Head of the Academy of Christian Humanism University
- In office 1 April 2010 – 13 August 2010

Minister of Social Development
- In office 28 September 1996 – 19 May 1998
- Appointed by: Eduardo Frei Ruíz-Tagle
- Preceded by: Luis Maira
- Succeeded by: Germán Quintana

Personal details
- Born: 9 October 1944 (age 81) Santiago, Chile
- Party: Socialist Party;
- Alma mater: University of Chile (B.Sc); University of Sussex (M.Sc);
- Occupation: Politician
- Profession: Economist

= Roberto Pizarro Hofer =

Chilean politician

Roberto Guillermo Pizarro Hofer (born 9 October 1944) is a Chilean politician who served as minister of State and as head of the Academy of Christian Humanism University. He also was head of the La Nación newspaper.

==Biography==
He was the son of Óscar Pizarro Gutiérrez, who, together with Salvador Allende and Marmaduke Grove, co-founded the Socialist Party of Chile (PS) in 1933, and Inés Hofer Gladinier. In 1967, he married Alicia Gariazzo Gavilán, with whom he had two sons, Andrés and Rodrigo.

He studied at the University of Chile, where he earned both a bachelor's degree in economics and a degree in business administration. He also pursued doctoral studies at the University of Sussex in the United Kingdom.
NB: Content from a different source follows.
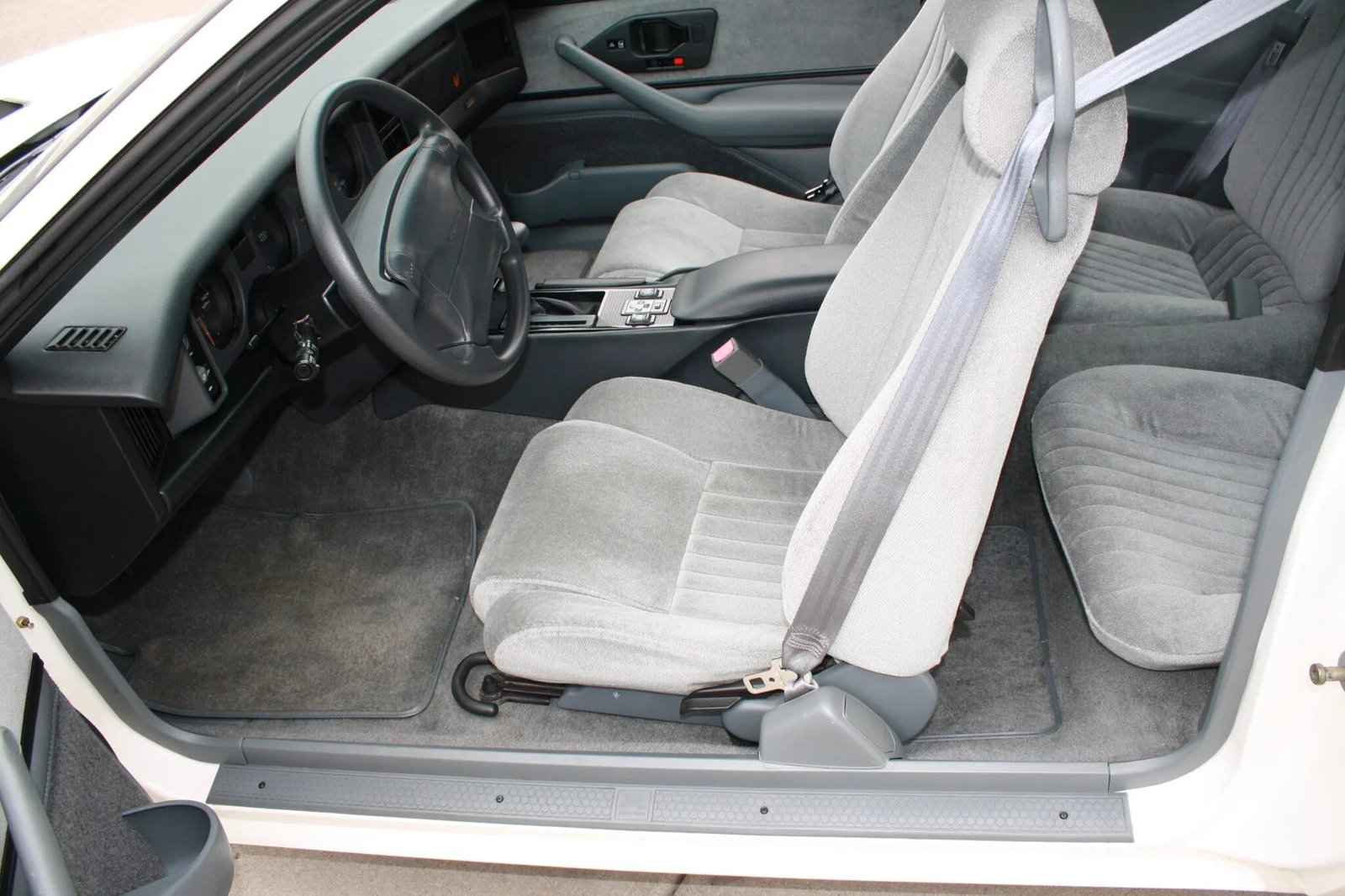 The cabin features seating upholstered in gray cloth with matching carpets and contrasting black trim on the dashboard, center console, and door panels.

He taught at the Faculty of Economics and Business, University of Chile. During the military dictatorship of General Augusto Pinochet, he lived in Argentina, where he taught economics at the Faculty of Economic Sciences of the University of Buenos Aires. While in Argentina, he was arrested and imprisoned for more than a year in connection with what later became known as Operation Condor. He subsequently moved to England and later to Nicaragua, where he worked as a United Nations official.

He also served as a consultant to the Inter-American Development Bank (IDB), specializing in development planning, and was a researcher at the Latin American Council of Social Sciences (CLACSO).

He returned to Chile in 1990 and served until 1992 as deputy director of Bilateral Economic Affairs at the Ministry of Foreign Affairs, where he participated in trade negotiations with Mexico, Colombia, and Argentina.

He was subsequently appointed Chilean ambassador to Ecuador.

From 1996 to 1998, he served as Minister of Planning and Cooperation under President Eduardo Frei Ruiz-Tagle. He resigned because of policy differences with the Ministry of Finance.

In 2009, he joined the presidential campaign team of Jorge Arrate.

He has also served as a professor at the Andrés Bello Diplomatic Academy of Chile.